I have to say, it looks amazing and very "magical" -- with zero macros! I like that! However, it also imposes some runtime overhead on object creation, and I'm wondering how much we could do to eliminate that. My gist makes zero attempts to reducing runtime overhead, and has one lookup in an std::map per property per object instance. Observing that 99.9% of all objects will follow identical type transitions, this can probably be optimized to be almost unnoticeable.

AndyDentFree commented 8 years ago

A few perspective thoughts rather than thinking about syntax:

  1. In all the other bindings we're modelling proxy objects and the same is true here - these are not POCO but are a combination of schema definition and data access.
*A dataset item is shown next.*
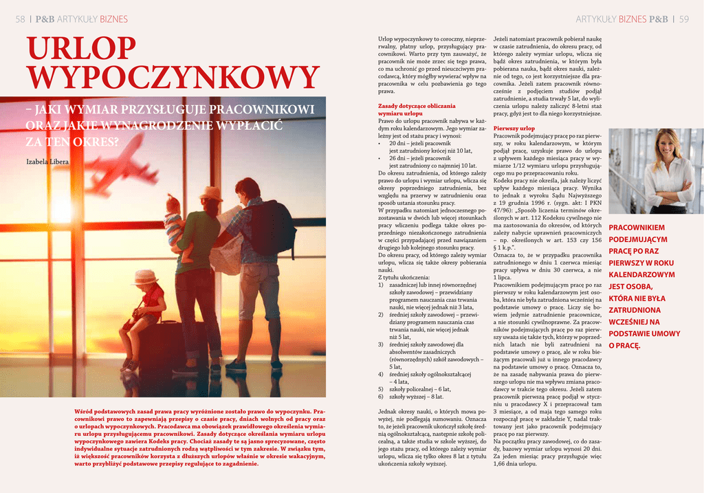 58 P&B ARTYKUŁY BIZNES URLOP WYPOCZYNKOWY – JAKI WYMIAR PRZYSŁUGUJE PRACOWNIKOWI ORAZ JAKIE WYNAGRODZENIE WYPŁACIĆ ZA TEN OKRES? Izabela Libera Wśród podstawowych zasad prawa pracy wyróżnione zostało prawo do wypoczynku. Pracownikowi prawo to zapewniają przepisy o czasie pracy, dniach wolnych od pracy oraz o urlopach wypoczynkowych. Pracodawca ma obowiązek prawidłowego określenia wymiaru urlopu przysługującemu pracownikowi. Zasady dotyczące określania wymiaru urlopu wypoczynkowego zawiera Kodeks pracy. Chociaż zasady te są jasno sprecyzowane, często indywidualne sytuacje zatrudnionych rodzą wątpliwości w tym zakresie. W związku tym, iż większość pracowników korzysta z dłuższych urlopów właśnie w okresie wakacyjnym, warto przybliżyć podstawowe przepisy regulujące to zagadnienie. ARTYKUŁY BIZNES P&B Urlop wypoczynkowy to coroczny, nieprzerwalny, płatny urlop, przysługujący pracownikowi. Warto przy tym zauważyć, że pracownik nie może zrzec się tego prawa, co ma uchronić go przed nieuczciwym pracodawcą, który mógłby wywierać wpływ na pracownika w celu pozbawienia go tego prawa. Zasady dotyczące obliczania wymiaru urlopu Prawo do urlopu pracownik nabywa w każdym roku kalendarzowym. Jego wymiar zależny jest od stażu pracy i wynosi: • 20 dni – jeżeli pracownik jest zatrudniony krócej niż 10 lat, • 26 dni – jeżeli pracownik jest zatrudniony co najmniej 10 lat. Do okresu zatrudnienia, od którego zależy prawo do urlopu i wymiar urlopu, wlicza się okresy poprzedniego zatrudnienia, bez względu na przerwy w zatrudnieniu oraz sposób ustania stosunku pracy. W przypadku natomiast jednoczesnego pozostawania w dwóch lub więcej stosunkach pracy wliczeniu podlega także okres poprzedniego niezakończonego zatrudnienia w części przypadającej przed nawiązaniem drugiego lub kolejnego stosunku pracy. Do okresu pracy, od którego zależy wymiar urlopu, wlicza się także okresy pobierania nauki. Z tytułu ukończenia: 1) zasadniczej lub innej równorzędnej szkoły zawodowej – przewidziany programem nauczania czas trwania nauki, nie więcej jednak niż 3 lata, 2) średniej szkoły zawodowej – przewidziany programem nauczania czas trwania nauki, nie więcej jednak niż 5 lat, 3) średniej szkoły zawodowej dla absolwentów zasadniczych (równorzędnych) szkół zawodowych – 5 lat, 4) średniej szkoły ogólnokształcącej – 4 lata, 5) szkoły policealnej – 6 lat, 6) szkoły wyższej – 8 lat. Jednak okresy nauki, o których mowa powyżej, nie podlegają sumowaniu. Oznacza to, że jeżeli pracownik ukończył szkołę średnią ogólnokształcącą, następnie szkołę policealną, a także studia w szkole wyższej, do jego stażu pracy, od którego zależy wymiar urlopu, wlicza się tylko okres 8 lat z tytułu ukończenia szkoły wyższej. 59 Jeżeli natomiast pracownik pobierał naukę w czasie zatrudnienia, do okresu pracy, od którego zależy wymiar urlopu, wlicza się bądź okres zatrudnienia, w którym była pobierana nauka, bądź okres nauki, zależnie od tego, co jest korzystniejsze dla pracownika. Jeżeli zatem pracownik równocześnie z podjęciem studiów podjął zatrudnienie, a studia trwały 5 lat, do wyliczenia urlopu należy zaliczyć 8-letni staż pracy, gdyż jest to dla niego korzystniejsze. Pierwszy urlop Pracownik podejmujący pracę po raz pierwszy, w roku kalendarzowym, w którym podjął pracę, uzyskuje prawo do urlopu z upływem każdego miesiąca pracy w wymiarze 1/12 wymiaru urlopu przysługującego mu po przepracowaniu roku. Kodeks pracy nie określa, jak należy liczyć upływ każdego miesiąca pracy. Wynika to jednak z wyroku Sądu Najwyższego z 19 grudnia 1996 r. (sygn. akt: I PKN 47/96): „Sposób liczenia terminów określonych w art. 112 Kodeksu cywilnego nie ma zastosowania do okresów, od których zależy nabycie uprawnień pracowniczych – np. określonych w art. 153 czy 156 § 1 k.p.”. Oznacza to, że w przypadku pracownika zatrudnionego w dniu 1 czerwca miesiąc pracy upływa w dniu 30 czerwca, a nie 1 lipca. Pracownikiem podejmującym pracę po raz pierwszy w roku kalendarzowym jest osoba, która nie była zatrudniona wcześniej na podstawie umowy o pracę. Liczy się bowiem jedynie zatrudnienie pracownicze, a nie stosunki cywilnoprawne. Za pracowników podejmujących pracę po raz pierwszy uważa się także tych, którzy w poprzednich latach nie byli zatrudnieni na podstawie umowy o pracę, ale w roku bieżącym pracowali już u innego pracodawcy na podstawie umowy o pracę. Oznacza to, że na zasadę nabywania prawa do pierwszego urlopu nie ma wpływu zmiana pracodawcy w trakcie tego okresu. Jeżeli zatem pracownik pierwszą pracę podjął w styczniu u pracodawcy X i przepracował tam 3 miesiące, a od maja tego samego roku rozpoczął pracę w zakładzie Y, nadal traktowany jest jako pracownik podejmujący pracę po raz pierwszy. Na początku pracy zawodowej, co do zasady, bazowy wymiar urlopu wynosi 20 dni. Za jeden miesiąc pracy przysługuje więc 1,66 dnia urlopu. PRACOWNIKIEM PODEJMUJĄCYM PRACĘ PO RAZ PIERWSZY W ROKU KALENDARZOWYM JEST OSOBA, KTÓRA NIE BYŁA ZATRUDNIONA WCZEŚNIEJ NA PODSTAWIE UMOWY O PRACĘ. 60 P&B ARTYKUŁY BIZNES ZGODNIE Z ART. 172 KODEKSU PRACY ZA CZAS URLOPU PRACOWNIKOWI PRZYSŁUGUJE WYNAGRODZENIE, JAKIE BY OTRZYMAŁ, GDYBY W TYM CZASIE PRACOWAŁ. Co z pracownikami zatrudnionymi w niepełnym wymiarze czasu pracy? Wymiar urlopu dla pracownika zatrudnionego w niepełnym wymiarze czasu pracy ustala się proporcjonalnie do wymiaru czasu pracy tego pracownika, biorąc za podstawę wymiar urlopu przysługujący mu ze względu na staż pracy, tj. w wymiarze 20 lub 26 dni. W wypadku takich pracowników niepełny dzień urlopu zaokrągla się w górę do pełnego dnia. Jeżeli zatem pracodawca zatrudnia pracownika z 6-letnim stażem pracy na 1/4 etatu i nie jest to jego pierwsza praca, pracownik ten ma prawo do urlopu w wymiarze 5 dni, co otrzymujem

But, this is C++. Is there a different expectation here? People live with a managed environment having to carry extra overhead knowing there's a C++ core behind. Do they expect C++ to be leaner?
  2. I have some vague ideas about how to bypass runtime maps, partly because I'm thinking about them for C# but there are maybe more things we can do in C++ templates.
  3. OOFILE was designed before templates but was designed with a lot of consultation. It is collection-oriented with a flyweight pattern for several reasons. Avoiding per-object overhead on instantiation was a strong part of this. I think in the modern world of more functional programming maybe thinking in terms of collections of objects over individual objects is still a valuable perspective. Iteration is then a matter of which row is mapped to the accessor rather than many objects. This pattern scales very well.

note: I don't have time (very tight dotnet guideline) to be too distracted by this stuff so would rather think about it more and reply next week. Lack of more replies does not denote lack of interest! I want to go play with some template ideas when we have the RC featureset for dotnet delivered.

karagraysen commented 7 years ago

This is a very fascinating discussion! 💯 :woman_technologist: